The concept that BMSCs may promote vascular repair was postulated also by the authors of i.c. Doppler sub-study of REPAIR-AMI23 and in previously mentioned porcine model of AMI and adipose-derived stem cells.21 In our study, a significant difference between groups in MBG after PCI in acute phase and CTFC at 4–6 days after BMSC infusion in favour of the BMSC group might have contributed to better results of SPECT study in the BMSC group. However, analysis of covariance ruled out the hypothesis that SPECT results at rest and after dipyridamole in the BMSC group or in the control group were affected by MBG in the acute phase and CTFC at 4–6 days.

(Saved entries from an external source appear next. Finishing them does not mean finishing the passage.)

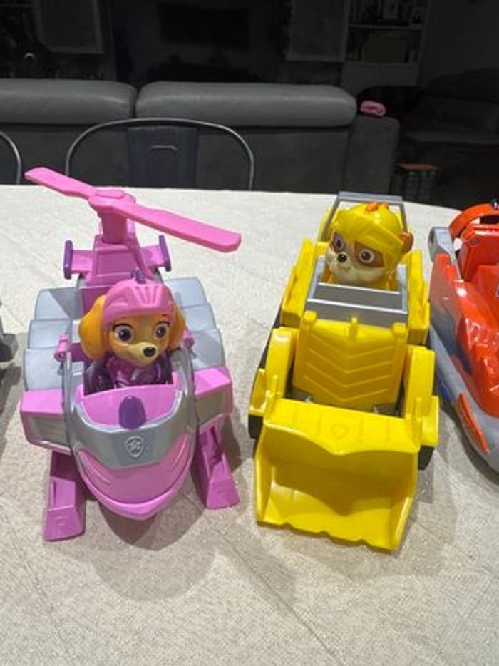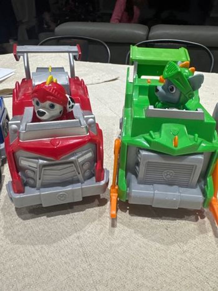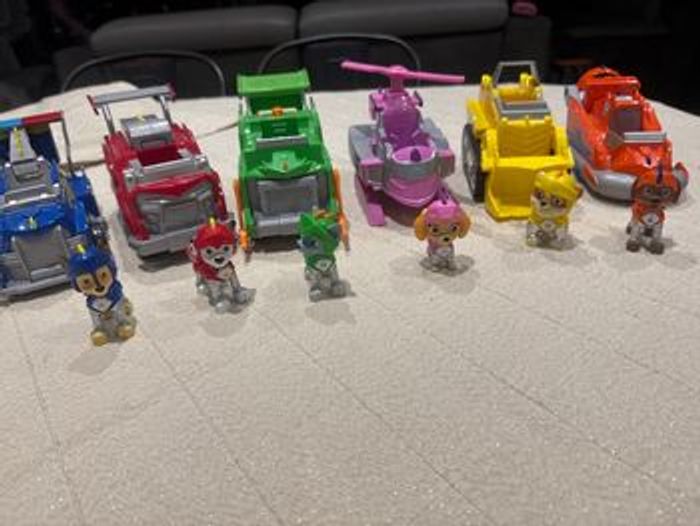Très beau lot de voitures (20cm) de l’équipe de la pat patrouille Prix d’achat individuel 20€ Prix du lot complet avec envoi avant Noël : 75€ et j’offre 1 livre pat patrouille avec
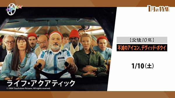 デヴィッド・ボウイ財団の初の公認作品としてリリースされ、貴重な映像が満載のドキュメンタリー『デヴィッド・ボウイ ムーンエイジ・デイドリーム』、鬼才ウェス・アンダーソン監督による海洋コメディ・ドラマで、デヴィッド・ボウイのオリジナル曲も使われるなど、音楽にたっぷりひたれる傑作『ライフ・アクアティック』の2作品を1月10日(土)に放送いたします。
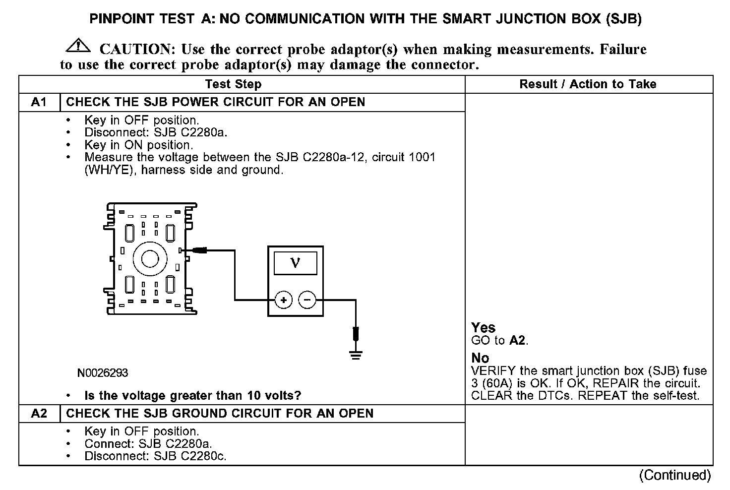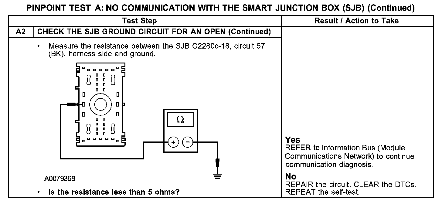 PINPOINT TEST A: NO COMMUNICATION WITH THE SMART JUNCTION BOX (SJB)A1-A2:

In our observation, the subgroup of patients with better EF (EF-RNV ≥ 50%) and myocardial perfusion (PI < 2.2) consisted mainly of patients from the BMSC group. Particularly, when PI-IRA at rest and PI-IRA at dipyridamole study and RNV correlation were analyzed, only patients from the BMSC group have been found in that subgroup. This observation may confirm the hypothesis of better perfusion within the IRA region due to BMSC administration. We are aware of the fact that due to a small number of patients included into our study, we can only speculate on BMSC influence on microcirculation enhancement. Therefore, we think that this very interesting hypothesis should be tested in other trials with BMSCs in AMI patients in order to draw final statistical conclusion.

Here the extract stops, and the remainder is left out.